▶ _WHAT IS NEEDED_
Output the listing below verbatim, without images.

▶ _GIVEN MATERIAL_
-------

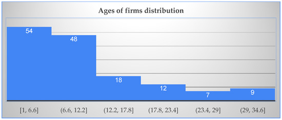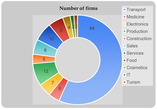 After obtaining the data on the “green performance” and “financial performance” of the companies included in the study, we can perform their analysis: examination of the distribution of companies across different fields, an evaluation of the average number of employees, and the investigation of age of companies in the sample.
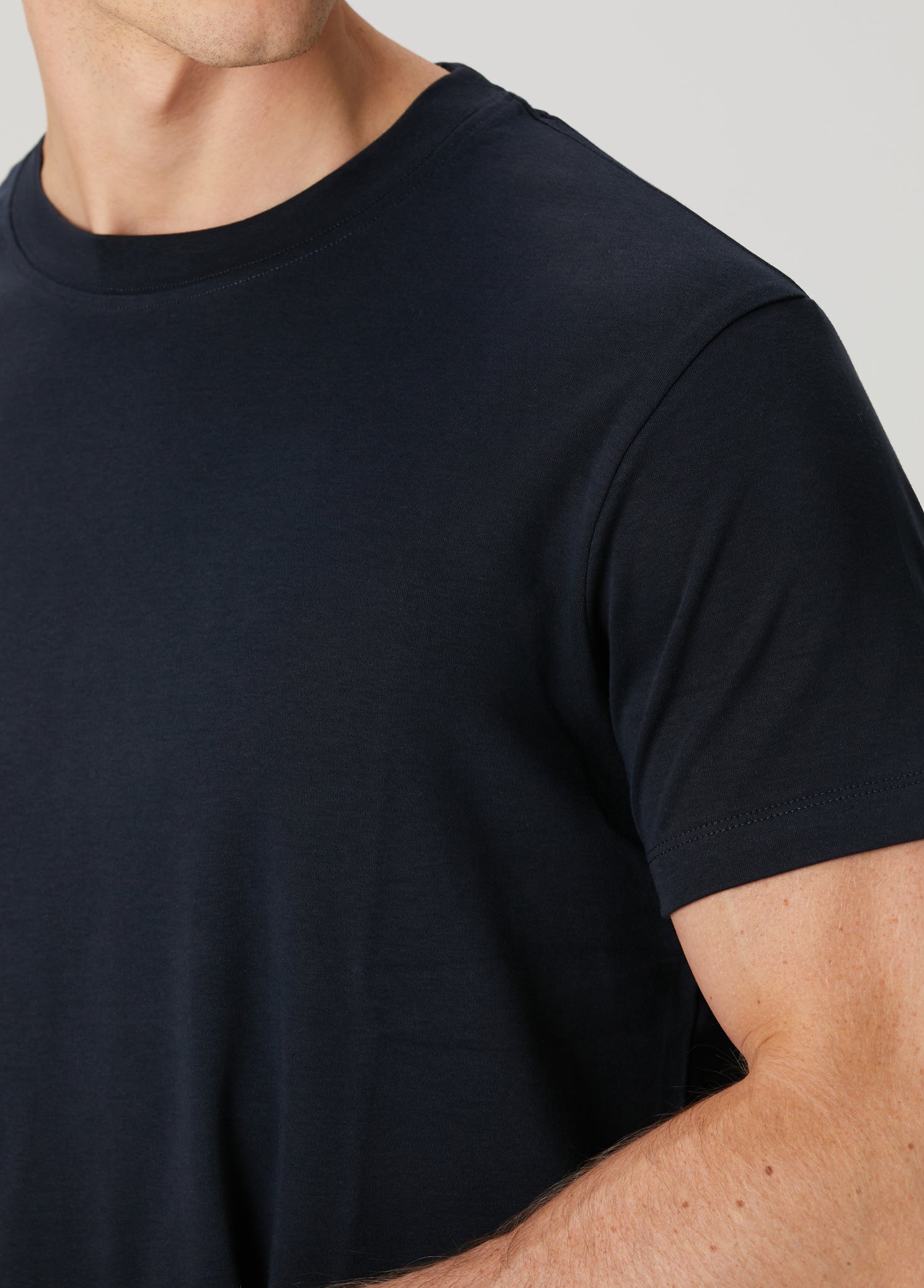 Thanks to its heavier weight fabric compared to standard t-shirts, it highlights the body lines but is not see-through.
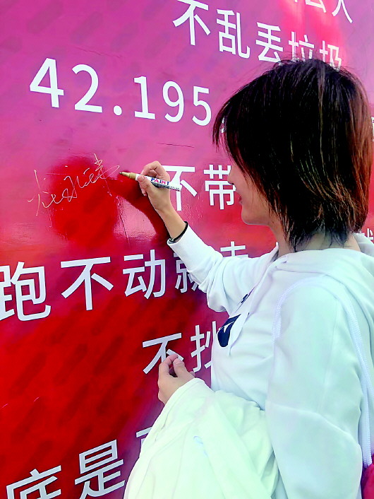 同样有很多人围观的还有一面签名墙。每位跑友都可以在墙上签下自己的名字,或者写上一句鼓励自己的话。“感觉像立下了‘军令状’,这下自己可得好好跑了。”一名签下自己名字的跑友笑着说。
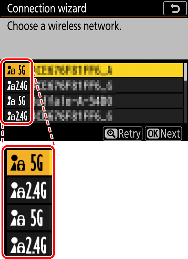 When prompted to choose a connection method, select [Search for wireless network]. The camera will search for networks operating on the frequency or frequencies selected for [Router frequency band] in Step 1. The frequency is shown by an icon to the left of the network SSID. If [2.4 GHz/5 GHz] is selected and the network operates on both the 2.4 and 5 GHz bands, the camera will list the SSID associated with the band detected by the WT-6.

-------

▶ _RESULT FOR THIS TASK_
 After obtaining the data on the “green performance” and “financial performance” of the companies included in the study, we can perform their analysis: examination of the distribution of companies across different fields, an evaluation of the average number of employees, and the investigation of age of companies in the sample.
 Thanks to its heavier weight fabric compared to standard t-shirts, it highlights the body lines but is not see-through.
 同样有很多人围观的还有一面签名墙。每位跑友都可以在墙上签下自己的名字,或者写上一句鼓励自己的话。“感觉像立下了‘军令状’,这下自己可得好好跑了。”一名签下自己名字的跑友笑着说。
 When prompted to choose a connection method, select [Search for wireless network]. The camera will search for networks operating on the frequency or frequencies selected for [Router frequency band] in Step 1. The frequency is shown by an icon to the left of the network SSID. If [2.4 GHz/5 GHz] is selected and the network operates on both the 2.4 and 5 GHz bands, the camera will list the SSID associated with the band detected by the WT-6.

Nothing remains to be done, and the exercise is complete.